The term "shortest" often seems to be used to mean "cheapest" when talking about weighted graphs. I think that it may be because people tend to think about geographical graphs where cost between two vertices equates to a distance.

That was my meaning.

I'd welcome criticism after the challenge - especially that relating to pythonic coding. :)

The code (implementation) looked great to me, but I have two criticisms with respect to style:

Too much space (I've never seen anyone space out their code as much as you :p )
Tabs are evil in Python, spaces should be used exclusively

One nice thing about Python is that most Python programmers use the same style (the style used in the Python standard library). It took me a while to get used to it, but it's worth it (most Python code uses this style, so it's easier to C&P or work on other peoples code). The official style guide (written by Guido himself) is here (http://www.python.org/dev/peps/pep-0008/). The best example for style is the Python standard library, IMO it's a good idea to emulate that style as much as possible.

EDIT:

Wait, in my text editor your code has spaces, but when I quoted your post it was tabs... I'm confused! Take back what I said about tabs then, maybe the forums are doing something when I quote it.

I am using tabs. But why should I change to using spaces? If I do that I have to press backspace 4 times instead of once! :p

Many the other spaces are little to much, though. I do like my style, but no one else ever seems to use anything like it...

I am using tabs. But why should I change to using spaces? If I do that I have to press backspace 4 times instead of once! :p

Not if you use a good text editor :) You use them because it's just good practice in Python, that way when you C&P other code into your program (or other people C&P) it doesn't blow up. The key is to use an editor that has visual whitespace, and that treats four spaces as a tab (many modern editors do, I use gedit for instance, there are plugins available to make it behave this way, also eclipse + pydev is nice).

I am using tabs. But why should I change to using spaces? If I do that I have to press backspace 4 times instead of once! :p

Many the other spaces are little to much, though. I do like my style, but no one else ever seems to use anything like it...

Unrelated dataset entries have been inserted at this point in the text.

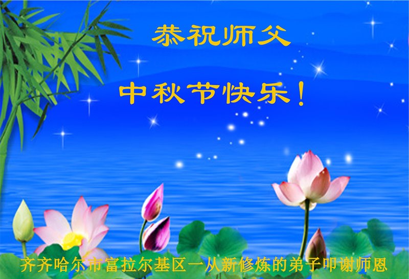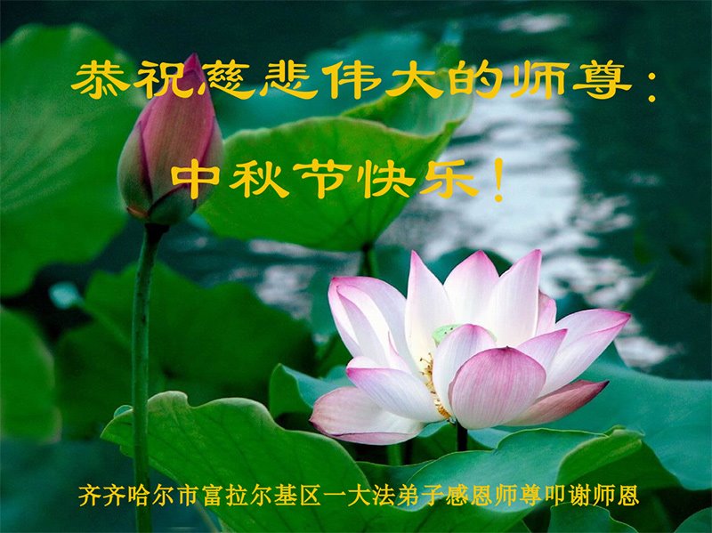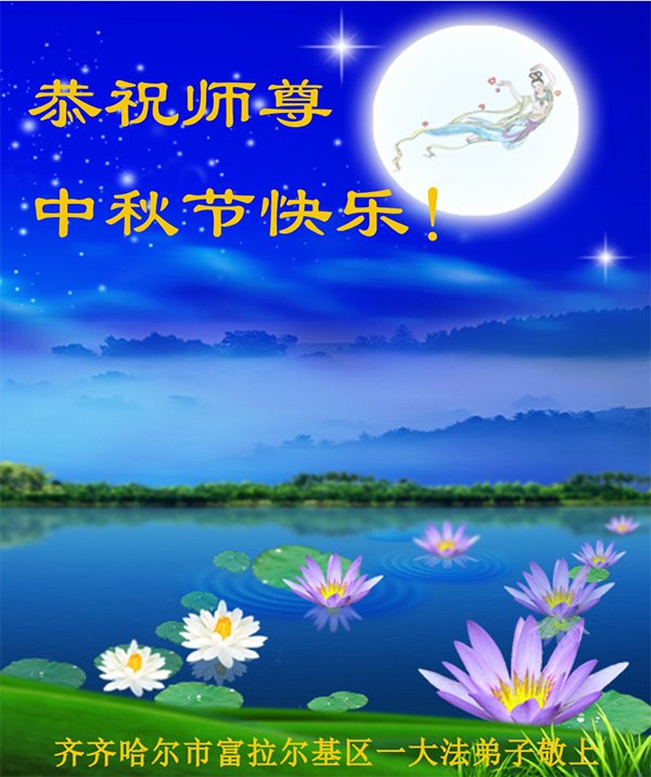 今年中秋又来到,感谢师尊选我当大法弟子。感谢师尊慈悲苦度,感谢师尊带我回家。祝师尊中秋快乐! 黑龙江省齐齐哈尔市富拉尔基区大法弟子恭祝师尊中秋快乐!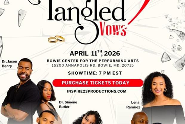 Join us on Saturday, April 11, 2026, at 7:00 PM at the Bowie Center for the Performing Arts Center for an unforgettable evening filled with love, laughter, and emotional twists. Tangled Vowstakes you inside the lives of three couples navigating the complexities of love, marriage, and loyalty. As they face the pressures of their relationships, they turn to couples’ counseling to strengthen their bonds. But as hidden feelings and long-buried secrets are revealed, each couple must confront the consequences of what’s been left unsaid.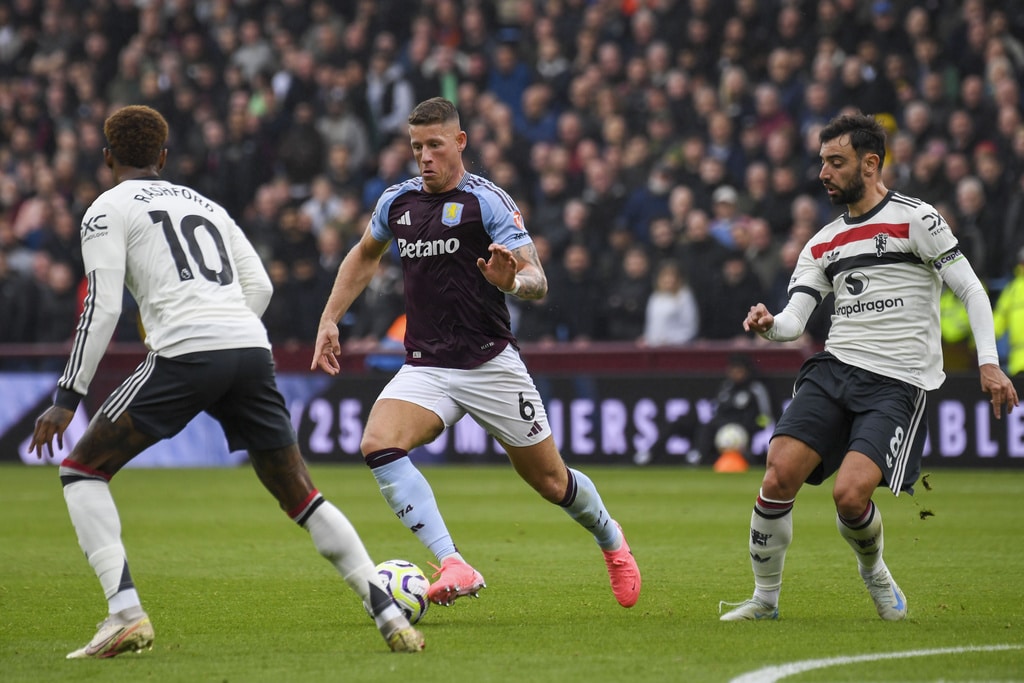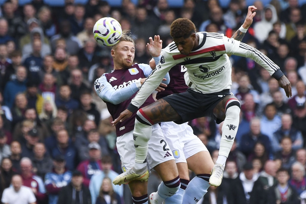 Aston Villa’s Ross Barkley, left, duels for the ball with Manchester United’s Rasmus Hojlund during the English Premier League soccer match between Aston Villa and Manchester United, at Villa Park in Birmingham, England, Sunday, Oct. 6, 2024. (AP Photo/Rui Vieira)Aston Villa’s Jhon Duran, second left, speaks with teammates during the English Premier League soccer match between Aston Villa and Manchester United, at Villa Park in Birmingham, England, Sunday, Oct. 6, 2024. (AP Photo/Rui Vieira)Aston Villa’s Ross Barkley, center, duels for the ball with Manchester United’s Marcus Rashford, left, and Manchester United’s Bruno Fernandes during the English Premier League soccer match between Aston Villa and Manchester United, at Villa Park in Birmingham, England, Sunday, Oct. 6, 2024. (AP Photo/Rui Vieira)Manchester United’s Harry Maguire reacts during the English Premier League soccer match between Aston Villa and Manchester United, at Villa Park in Birmingham, England, Sunday, Oct. 6, 2024. (AP Photo/Rui Vieira)Aston Villa’s Morgan Rogers, front left, duels for the ball with Manchester United’s Christian Eriksen during the English Premier League soccer match between Aston Villa and Manchester United, at Villa Park in Birmingham, England, Sunday, Oct. 6, 2024. (AP Photo/Rui Vieira)Manchester United’s head coach Erik ten Hag, second left, gives instructions to his players during the English Premier League soccer match between Aston Villa and Manchester United, at Villa Park in Birmingham, England, Sunday, Oct. 6, 2024. (AP Photo/Rui Vieira)Manchester United’s Marcus Rashford, right, duels for the ball with Aston Villa’s Matty Cash during the English Premier League soccer match between Aston Villa and Manchester United, at Villa Park in Birmingham, England, Sunday, Oct. 6, 2024. (AP Photo/Rui Vieira)Manchester United owner Sir Jim Ratcliffe, center, looks out from the stands prior the English Premier League soccer match between Aston Villa and Manchester United, at Villa Park in Birmingham, England, Sunday, Oct. 6, 2024. (AP Photo/Rui Vieira)

For C, I wouldn't use less than 8 spaces for a tab. It's news to me that Python uses less than 8 spaces for indentation. In C, exceeding 80 columns is usually a good indication you need to restructure.

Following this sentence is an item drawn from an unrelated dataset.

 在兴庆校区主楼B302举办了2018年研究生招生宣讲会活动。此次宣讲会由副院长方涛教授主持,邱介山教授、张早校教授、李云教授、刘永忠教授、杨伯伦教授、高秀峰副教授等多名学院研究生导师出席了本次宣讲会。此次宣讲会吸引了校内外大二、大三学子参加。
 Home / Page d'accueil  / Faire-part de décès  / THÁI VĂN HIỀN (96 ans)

I have noticed it's harder to stick to 80 columns using Python. I guess that's why 4 space tabs are the standard.

You can define the size of tabspaces in most editors.

You're right mike_g - A* is not appropriate for this challenge. My mistake above.

BTW - about python tab/spacing - I have never understood why spaces are better, as it seems to me that all reasons point to tabs being better (why should the editor need to configure something when there is a ready-made way to do it), So all of my code is tabbed. Doesn't really matter that much, as search and replace for this kind of thing is quite simple.

Tabbing also allows each person to choose his/her own size, without changing the underlying source code.

I have noticed it's harder to stick to 80 columns using Python. I guess that's why 4 space tabs are the standard.

Really? I find it easier personally. It's easier to modularize code and it's less verbose.


I have never understood why spaces are better

Because Guido says so :)
It's just wise to follow the guidelines, that way all Python code can be a little more similar.
I try to make my code feel as much like the standard library as possible.